If fully adopted, the cuts would shave almost half a percentage point from real GDP growth in 2011 and another 0.2 percentage point in 2012. There would be almost 400,000 fewer U.S. jobs by the end of 2011 than without the cuts and some 700,000 fewer jobs by the end of 2012.
This comes on the heels of a Goldman Sachs report estimating that the House proposal would cut economic growth by about two percent of GDP.
Neil Stevens maps the partisan change in the House of Representative vote from 2008 to 2010. Red districts went more Republican in 2010, blue districts went more Democratic. Bright blue and bright red districts saw large shifts, darker, purplish seats had smaller shifts.
The incoming Republican majority has proposed “strict” new rules for the U.S. House of Representatives:
On the spending front, Republicans plan to implement a series of rules called CUT/GO — a conservative answer to the PAY/GO rules instituted by Democrats. Under CUT/GO, increases in mandatory spending would have to be offset by spending cuts in other programs.
Under CUT/GO, offsets could not be achieved by raising taxes, according to the summary.
Jonathan Chait breaks it down:
The old rules, created under the highly successful 1990 deficit reduction deal between George Bush and (mostly) Democrats in Congress, any new entitlement spending or tax cuts had to be offset with entitlement cuts or higher taxes.
[T]he GOP new rules mean that new tax cuts do not require any offsets at all. Which is to say, they are replacing a rule that prevented policies that add to the deficit with a rule that enables policies that add to the deficit. They may call that “strict,” but it is the opposite.
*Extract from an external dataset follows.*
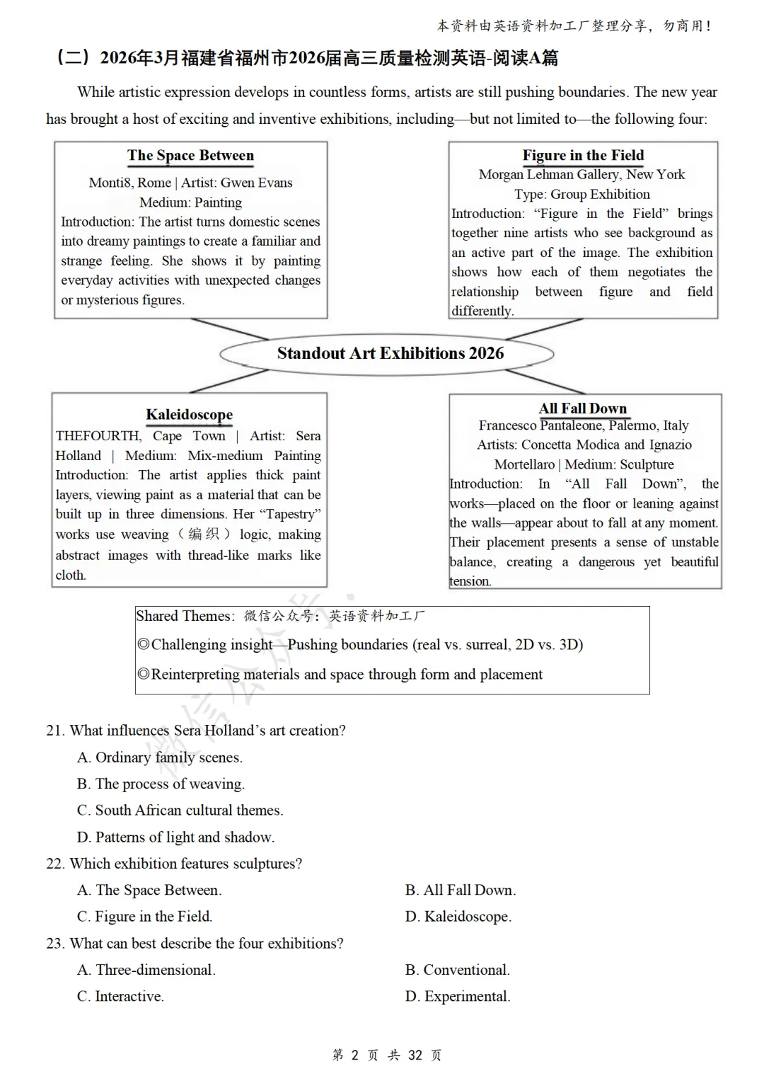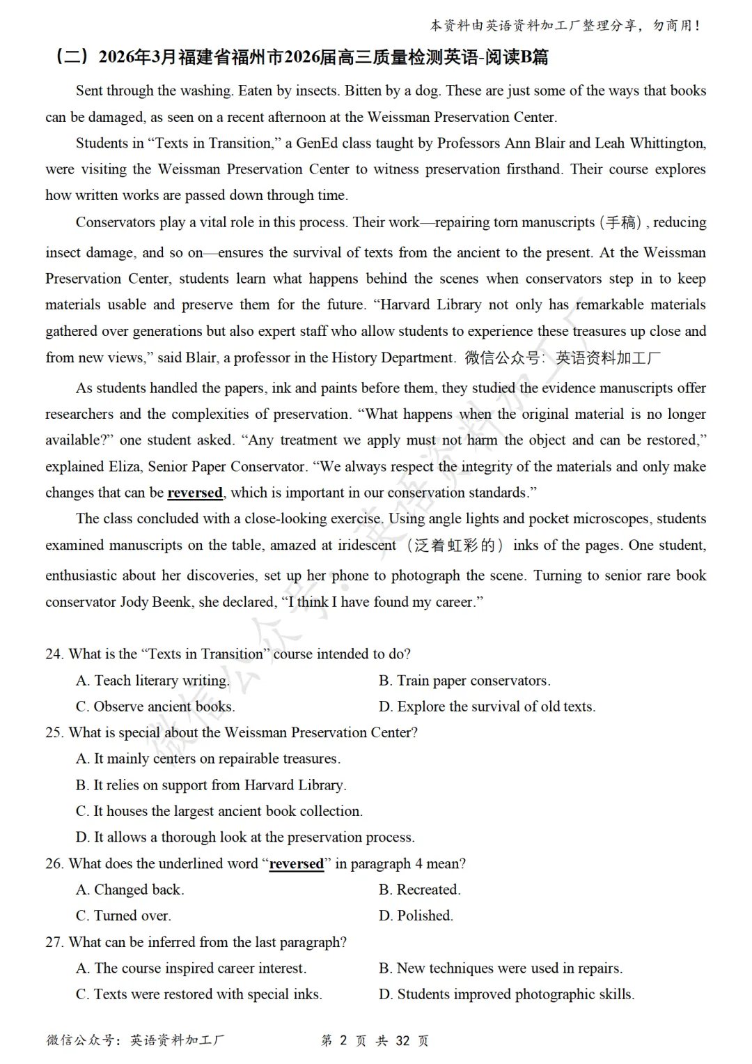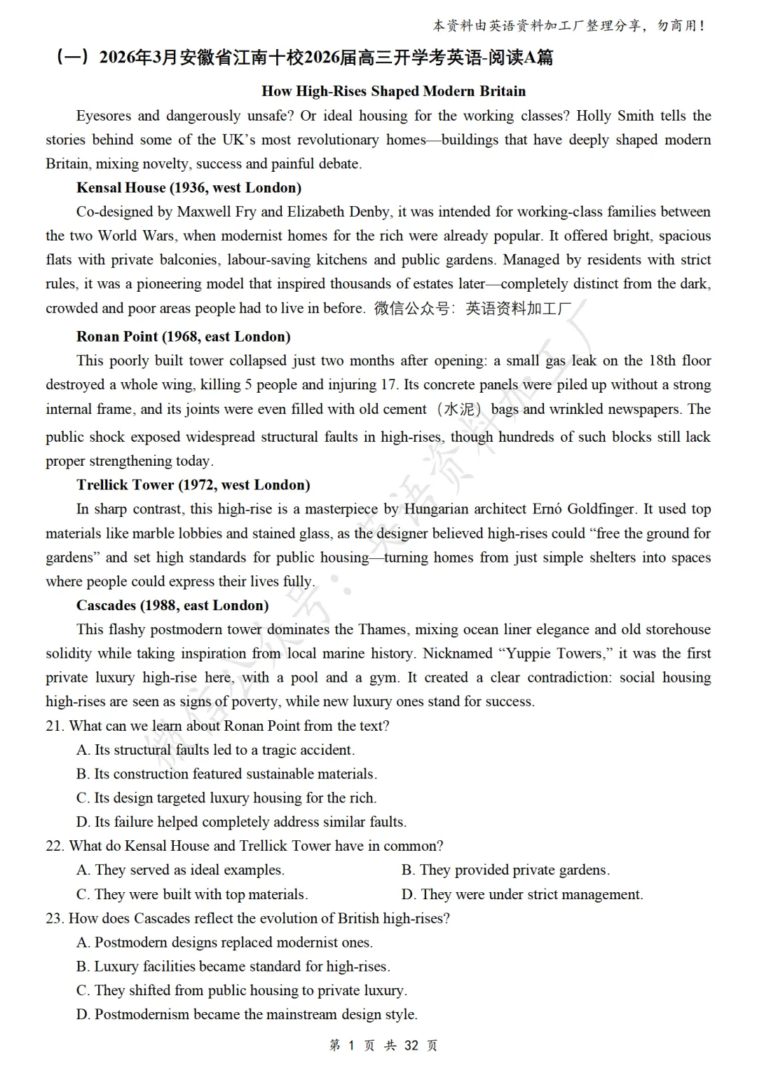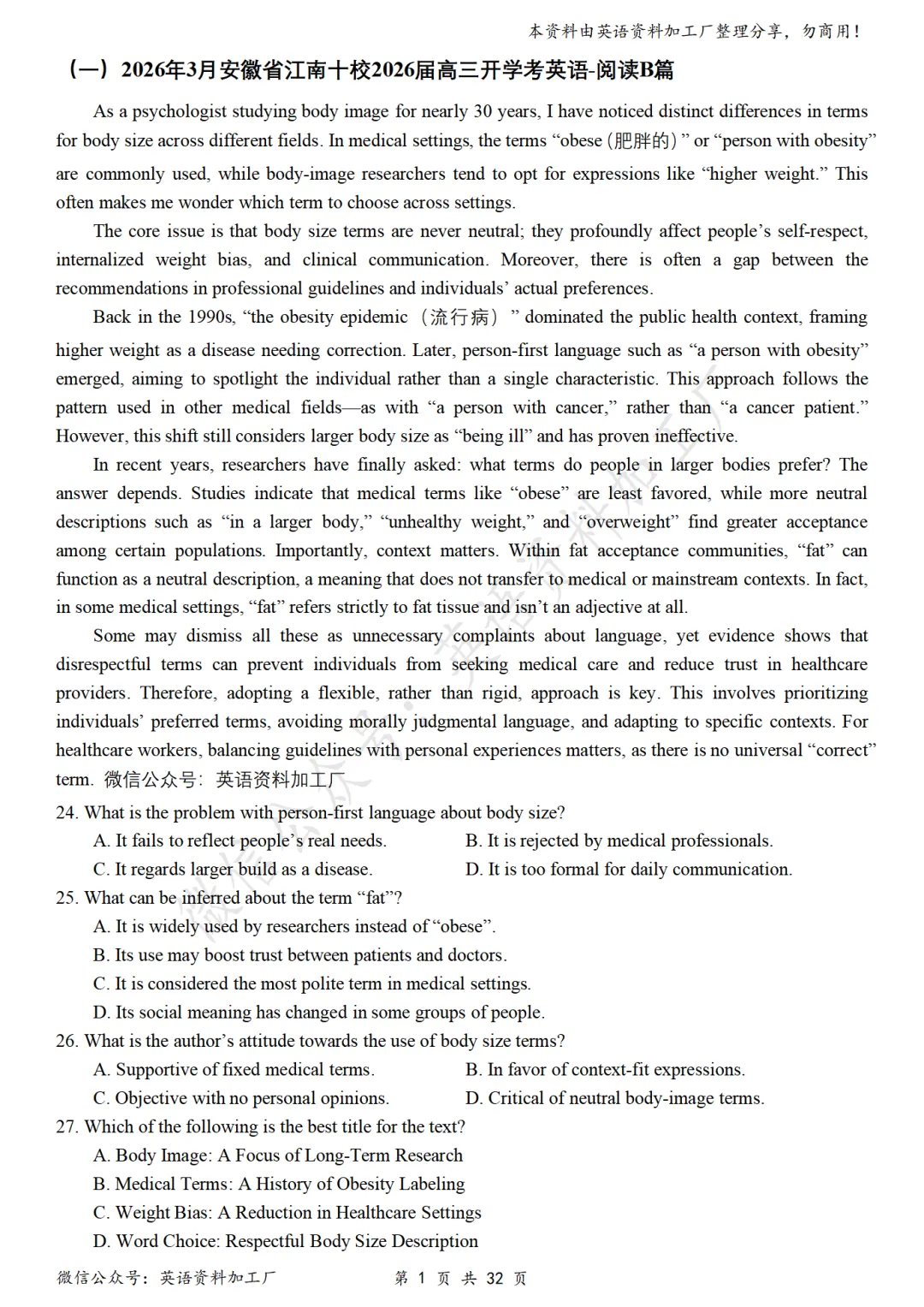 【阅读CD】免费下载!26年3月各地高三联考/模拟考英语阅读C篇、D篇各32篇合集,含答案解析

The reason why senators have found the tax deal (and also the deficit commission’s proposal) easier to swallow, and why House members haven’t, hits at the essence of the two chambers. The Senate, whose members represent entire states and which needs 60 votes to pass almost anything, is all about compromise and deal making; the House, whose members represent mostly safe congressional districts, is much more polarized.
—First Read, on the tax cut compromise vote
Could Democrats take back control of the U.S. House of Representatives in 2012? Mark Gersh, Washington Director of the National Committee for an Effective Congress, says it’s possible.
Here’s why: this year, 25 races were decided by 3 percent or less in the major-party vote share (13 Democratic and 12 Republican) pending recounts and final vote totals. Another 30 were decided by three percent - eight percent (18 Democratic and 17 Republican). Forty-two more races were decided by just 8 percent - 12 percent (25 Democratic and 17 Republican).
So overall, 56 Democratic and 52 Republicans won with majorities of 56 percent or less, and those races comprise 23 percent of the entire House. Add the unpredictable effects of redistricting to the 2012 equation, and the prospect of a 4th straight election with a turnover of 20 or seats is plausible.